Antavo is a Hungarian company marketing an AI-powered B2B loyalty platform to help companies develop and manage loyalty programs. It was founded in 2012 by Hungarian entrepreneurs Attila Kecsmár, Zsuzsa Kecsmár and Gábor Csarnai. Headquartered in London, its research base is in Szeged, Hungary.

== History ==
Antavo was founded in 2012 by Attila Kecsmár, Zsuzsa Kecsmár and Gábor Csarnai with initial investors including Seedcamp. Antavo initially built software to enable companies to run promotional campaigns. The company eventually pivoted to focus on loyalty programs, winning an award for an early campaign it ran for the luxury fashion company Luisaviaroma.

In 2022, it raised a series A funding round of €10 million. Its deck highlighted its no-code solutions for brands seeking accessible loyalty technology. In October 2024, Antavo gained attention for releasing an "AI avatar" based on an employee, intended to assist clients utilizing its software. According to Entrepreneur in February 2025, the company is balancing growth with stability in preparation for a series B.

== Product ==
The company's primary offering is an API-based “AI Loyalty Cloud” software, which allows no-code building and management of loyalty programs. The platform powers rewards programs for major global corporations and brands including Brightline's Brightline Rewards, Rip Curl, KFC, BMW, Scandic Hotels, Yeo Valley, Whittard of Chelsea, and Flying Tiger Copenhagen.
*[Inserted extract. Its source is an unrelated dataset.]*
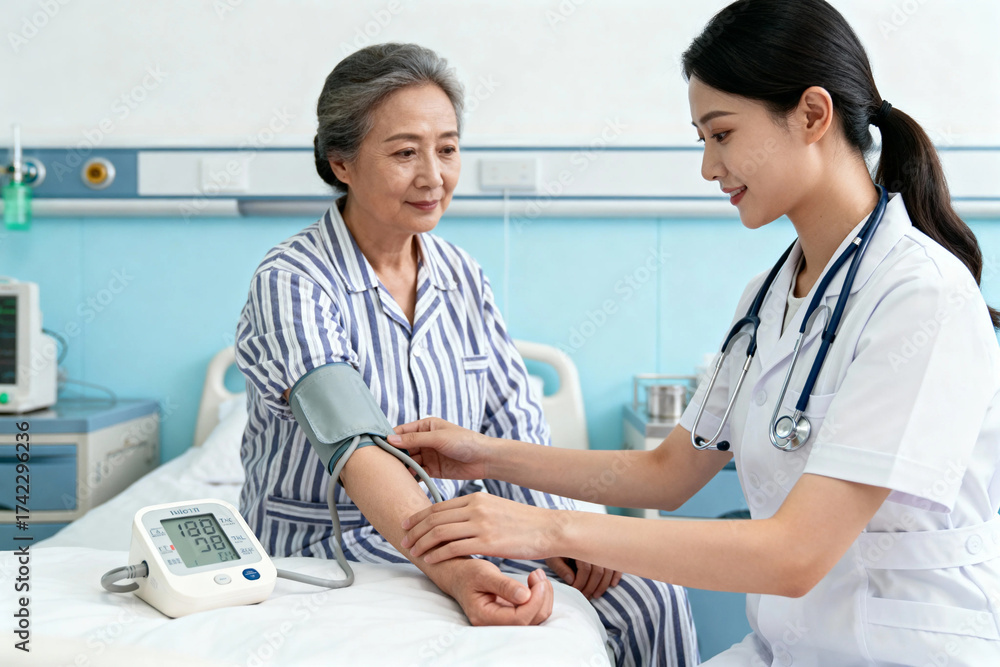 Nurse taking patient's blood pressure: Healthcare, Medical Training, Pharmaceuticals, Insurance #1742296236

Antavo publishes their annual Global Customer Loyalty Report that surveys 10k consumers and 2.5k marketers annually, presenting industry trends in loyalty.

=== Awards ===
In May 2024. Antavo Co-founder Zsuzsa Kecsmár won the "Personality of the Year" at the International Loyalty Awards in Dubai, recognizing her role in making Antavo "the world's leading loyalty program technology provider." The company also holds a number of distinctions from technology analysts and review platforms. It is included in Gartner's Market Guide as a Representative Vendor for Loyalty Program Vendors and in Forrester's The Loyalty Platforms Landscape, Q3 2025 report.